__Data records__.

+--

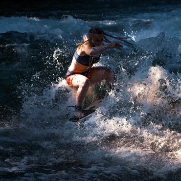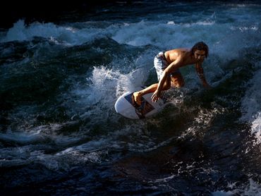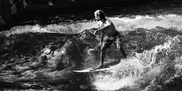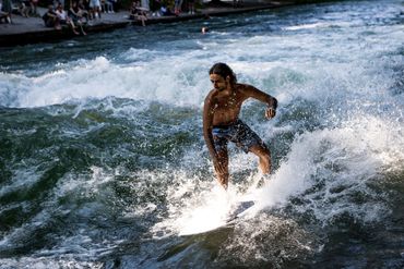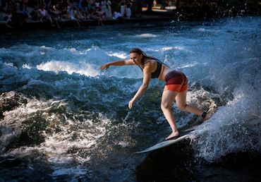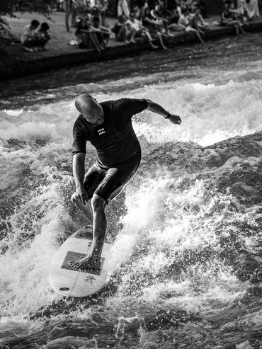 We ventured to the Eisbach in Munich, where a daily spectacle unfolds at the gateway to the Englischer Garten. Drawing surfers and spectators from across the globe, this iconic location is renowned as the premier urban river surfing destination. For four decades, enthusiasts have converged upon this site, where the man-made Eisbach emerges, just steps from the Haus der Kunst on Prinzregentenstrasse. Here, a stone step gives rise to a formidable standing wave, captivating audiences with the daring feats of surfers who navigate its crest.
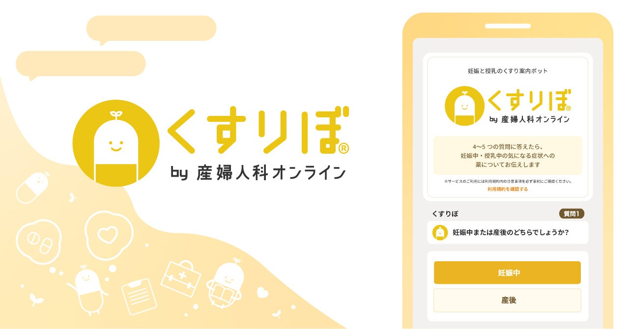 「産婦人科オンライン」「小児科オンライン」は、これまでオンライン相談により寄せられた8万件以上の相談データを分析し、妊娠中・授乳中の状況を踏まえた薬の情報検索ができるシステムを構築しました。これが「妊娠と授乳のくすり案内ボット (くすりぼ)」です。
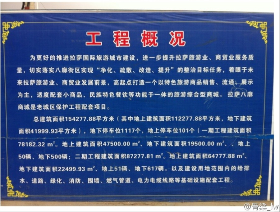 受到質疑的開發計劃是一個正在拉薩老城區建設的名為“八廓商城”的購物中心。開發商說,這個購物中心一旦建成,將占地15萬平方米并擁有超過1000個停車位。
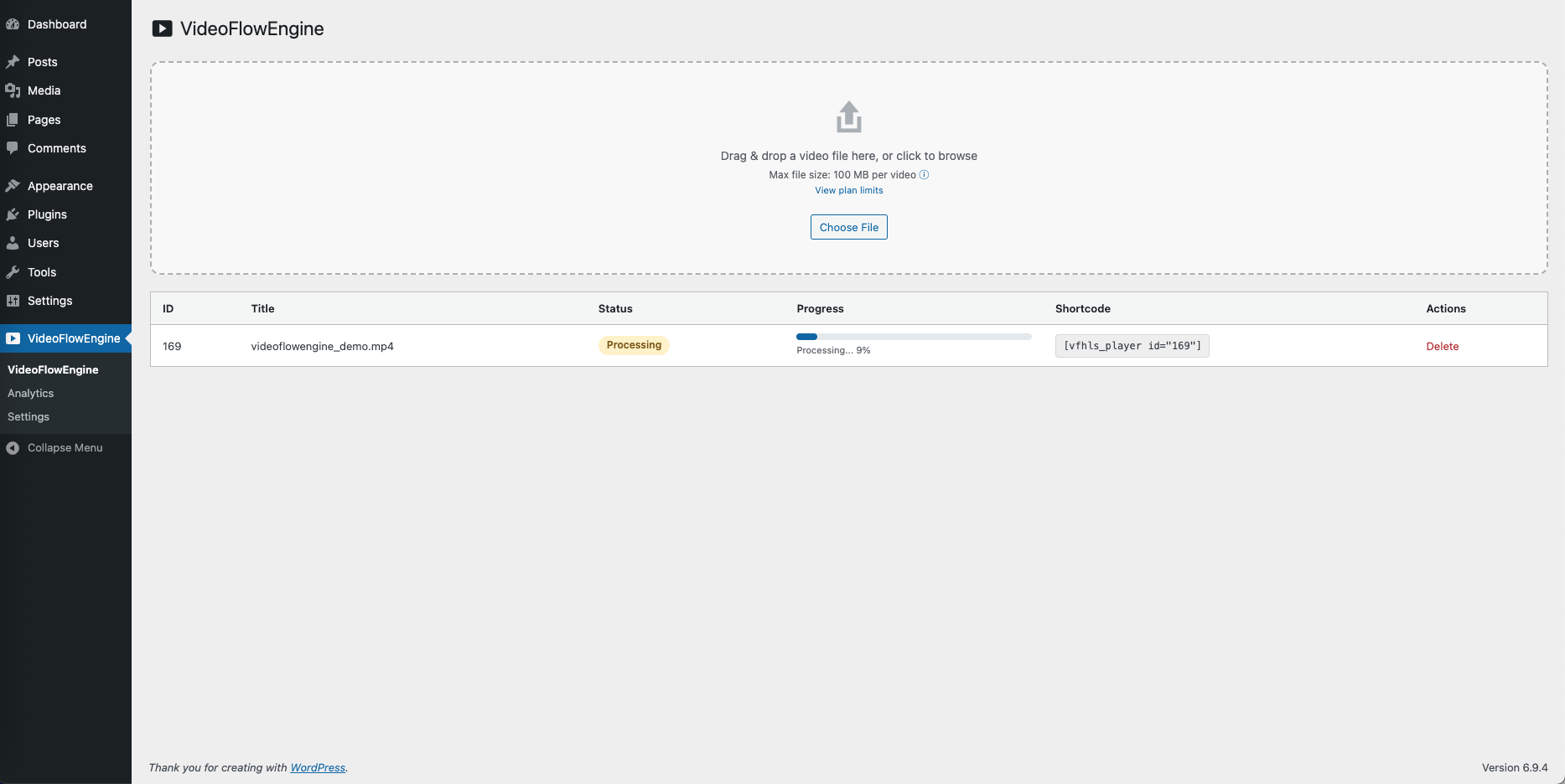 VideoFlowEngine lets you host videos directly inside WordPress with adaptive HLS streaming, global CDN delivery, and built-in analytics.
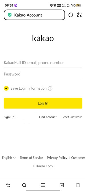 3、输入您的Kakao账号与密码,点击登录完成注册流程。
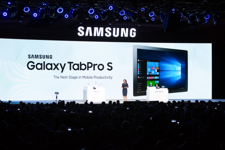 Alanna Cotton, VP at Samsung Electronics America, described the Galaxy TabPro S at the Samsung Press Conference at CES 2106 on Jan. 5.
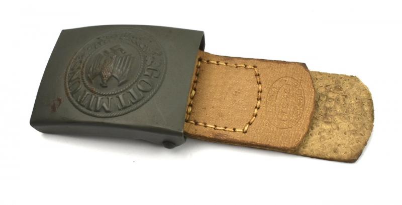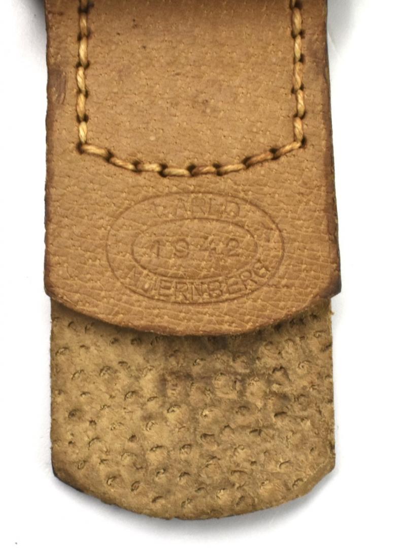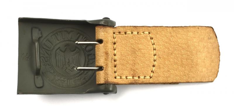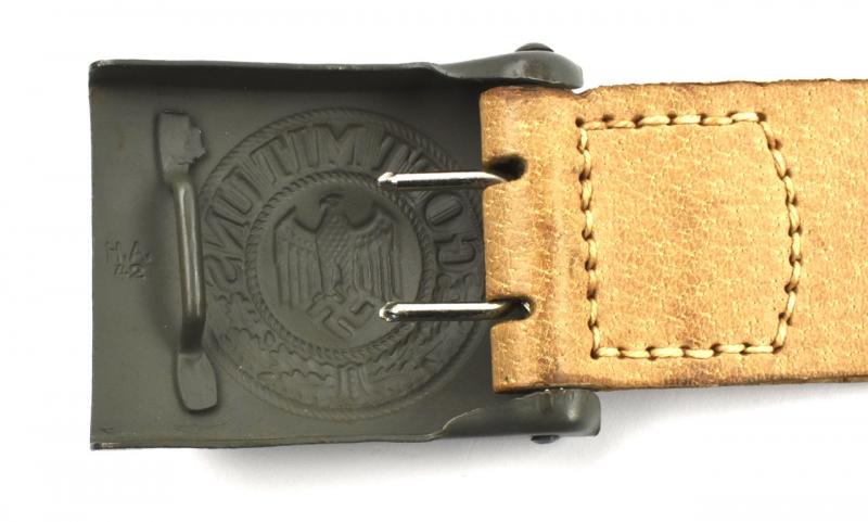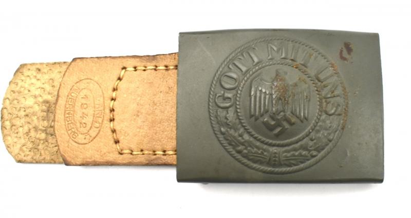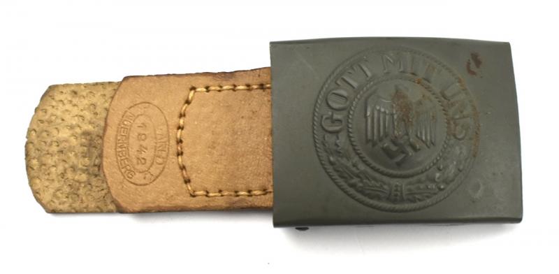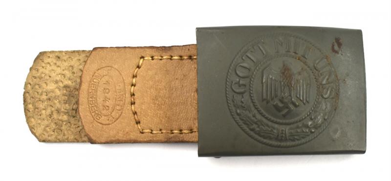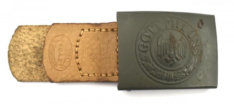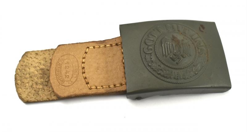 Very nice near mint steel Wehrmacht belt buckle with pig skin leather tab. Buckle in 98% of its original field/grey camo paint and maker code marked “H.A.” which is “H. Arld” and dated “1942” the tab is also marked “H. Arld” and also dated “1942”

+--

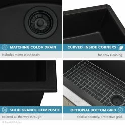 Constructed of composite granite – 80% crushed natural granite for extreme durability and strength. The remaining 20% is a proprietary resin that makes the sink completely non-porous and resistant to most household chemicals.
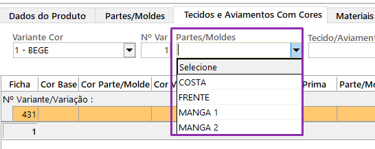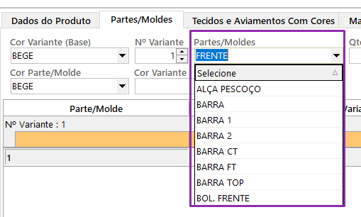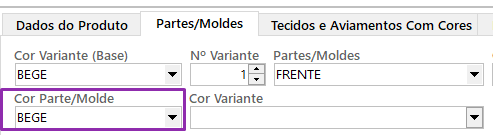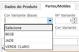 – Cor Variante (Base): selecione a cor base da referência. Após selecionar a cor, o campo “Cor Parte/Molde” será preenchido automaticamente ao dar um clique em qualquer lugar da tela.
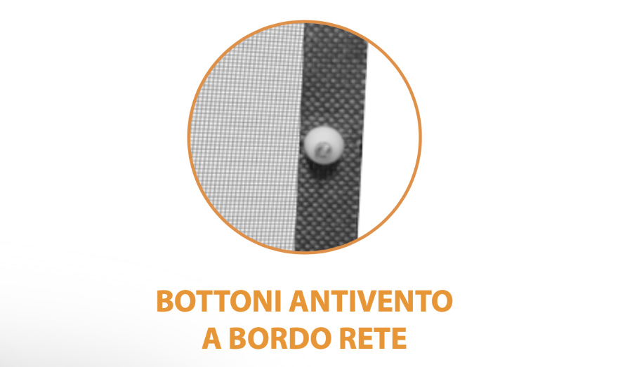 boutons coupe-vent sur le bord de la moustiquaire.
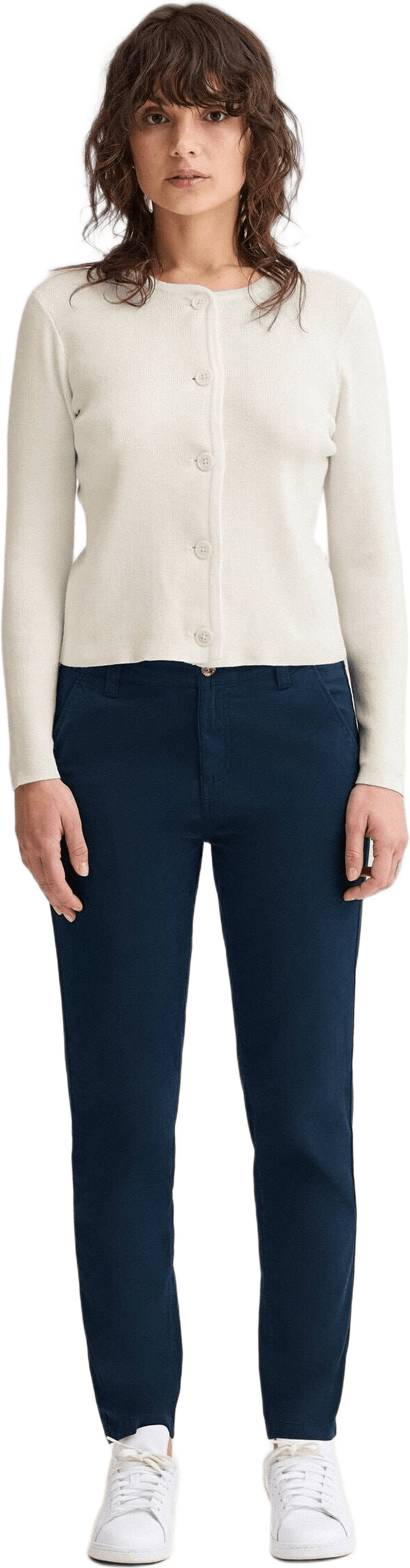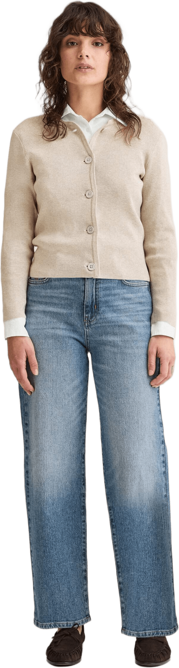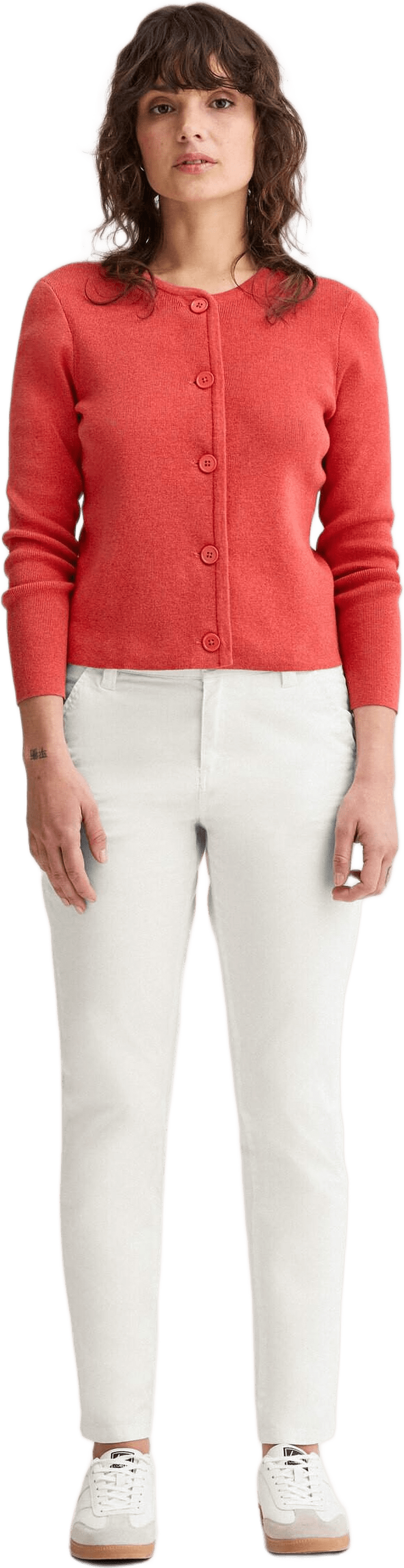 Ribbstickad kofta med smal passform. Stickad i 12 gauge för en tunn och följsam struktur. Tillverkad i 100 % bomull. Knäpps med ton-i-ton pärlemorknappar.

+--

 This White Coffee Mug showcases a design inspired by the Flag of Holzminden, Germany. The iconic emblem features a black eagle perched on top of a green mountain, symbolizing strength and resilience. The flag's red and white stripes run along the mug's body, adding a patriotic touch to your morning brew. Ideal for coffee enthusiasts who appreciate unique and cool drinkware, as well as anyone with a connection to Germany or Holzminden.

+--

__Problem__. Using the entries above, extract exactly the lines from the one that contains "VideoFlowEngine lets you" through the one that contains "Very nice near". Do not carry over any pictures.

__Response below__.
 VideoFlowEngine lets you host videos directly inside WordPress with adaptive HLS streaming, global CDN delivery, and built-in analytics.
 3、输入您的Kakao账号与密码,点击登录完成注册流程。
 Alanna Cotton, VP at Samsung Electronics America, described the Galaxy TabPro S at the Samsung Press Conference at CES 2106 on Jan. 5.
 Very nice near mint steel Wehrmacht belt buckle with pig skin leather tab. Buckle in 98% of its original field/grey camo paint and maker code marked “H.A.” which is “H. Arld” and dated “1942” the tab is also marked “H. Arld” and also dated “1942”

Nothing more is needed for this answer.